SQL Server 2005 cluster failover failed

We had an annoying problem while performing Windows Updates on the Windows Server 2008 Failover cluster at a customer. While testing the failover, we saw that the SQL Server 2005 cluster resource failover did not succeed. The strange thing was that nothing in the configuration had changed since previous succesfull tests. Also, the other resources failed over without any issues.

We did encounter the following errors in the Windows eventviewer and in the cluster log file under C:\Windows\Cluster\cluster.log

[sqsrvres] ODBC sqldriverconnect failed

[sqsrvres] checkODBCConnectError: sqlstate = 28000; native error = 4818; message = [Microsoft][SQL Native Client][SQL Server]Login failed for user 'NT AUTHORITY\ANONYMOUS LOGON'.

Login failed for user 'NT AUTHORITY\ANONYMOUS LOGON'. [CLIENT: IP]184800000E0000000A00000043004C0044004200310050002D00490030000000070000006D00610073007400650072000000

[sqsrvres] OnlineThread: Error connecting to SQL Server.

The client was unable to reuse a session with SPID 110, which had been reset for connection pooling. The failure ID is 88460000140000000A00000043004C0044004200310050002D0049003000000000000000. This error may have been caused by an earlier operation failing. Check the error logs for failed operations immediately before this error message.

SQL Server cannot accept new connections, because it is shutting down. The connection has been closed. [CLIENT: IP]
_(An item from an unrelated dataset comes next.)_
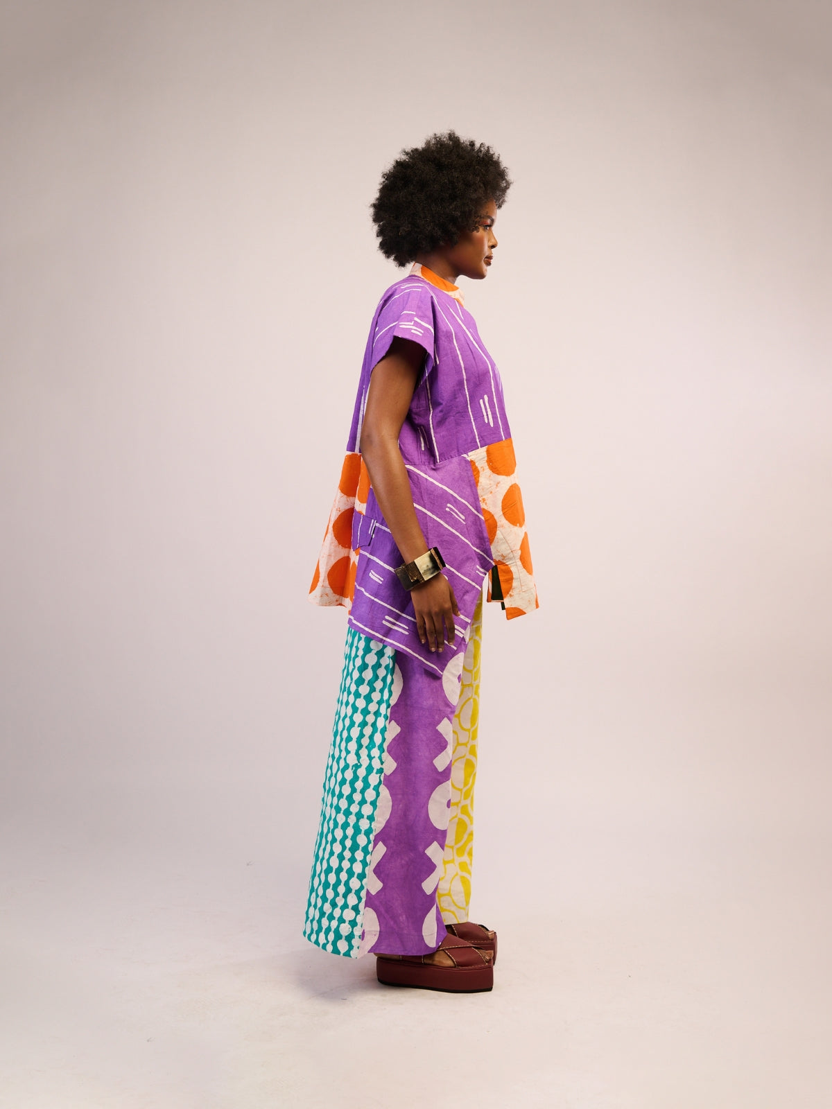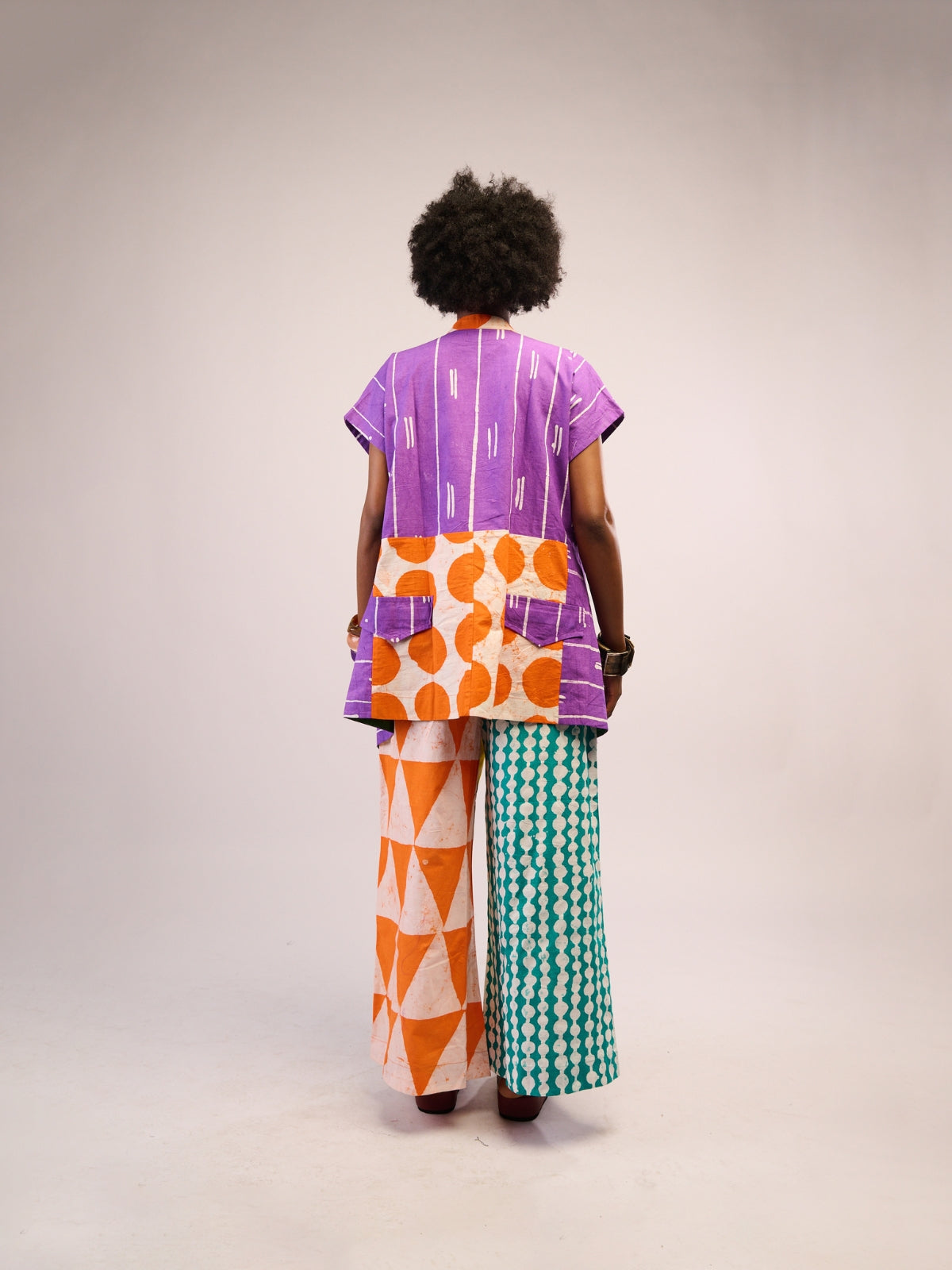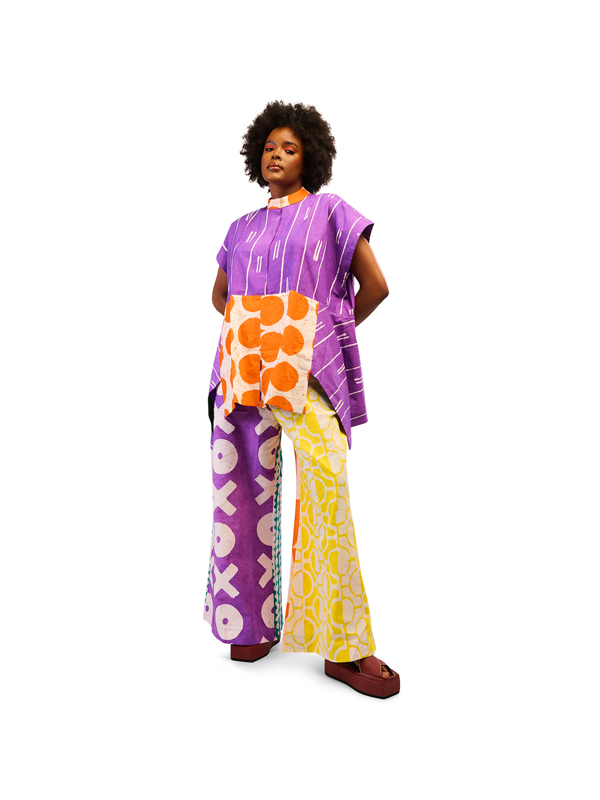 A celebration of color and craft, these wide-leg pants from Dye Lab transform everyday dressing into an experience of joy. Crafted in soft, breathable cotton, their flowing silhouette moves effortlessly from day to night, offering both comfort and style without compromise. The highlight lies in the contrasting Aso Oke back pockets - each hue chosen at random, a playful surprise that makes every pair uniquely yours. Pair it with the Lilac and White Osaka Tops.

[sqsrvres] CheckServiceAlive: Service is dead

[sqsrvres] OnlineThread: service stopped while waiting for QP.

I had begun troubleshooting the most basic elements in a SQL Server cluster and started with the Browser Service. The Browser Service seemed to have no problems running but after a lot of searching, I found one inconsistency on one of the nodes.
The Browser Service runs under the Network Service. On each node of the cluster is a local security group that is used to give the required permissions to run the SQL Server Browser Service:

SQLServer2005SQLBrowserUser$ComputerName

Logically, the Network Service should be in this group, so it has the privilege to run the Browser Service correctly. Well, on one node the Network Service account was not in the local security group!

After adding the Network Service account to the local group and restarting the SQL Server Browser Service on both nodes the failover was working again... It was a long search for something as simple as that. It is unexplainable why this setting has changed. (Or rather - which I find more plausible - who had changed it)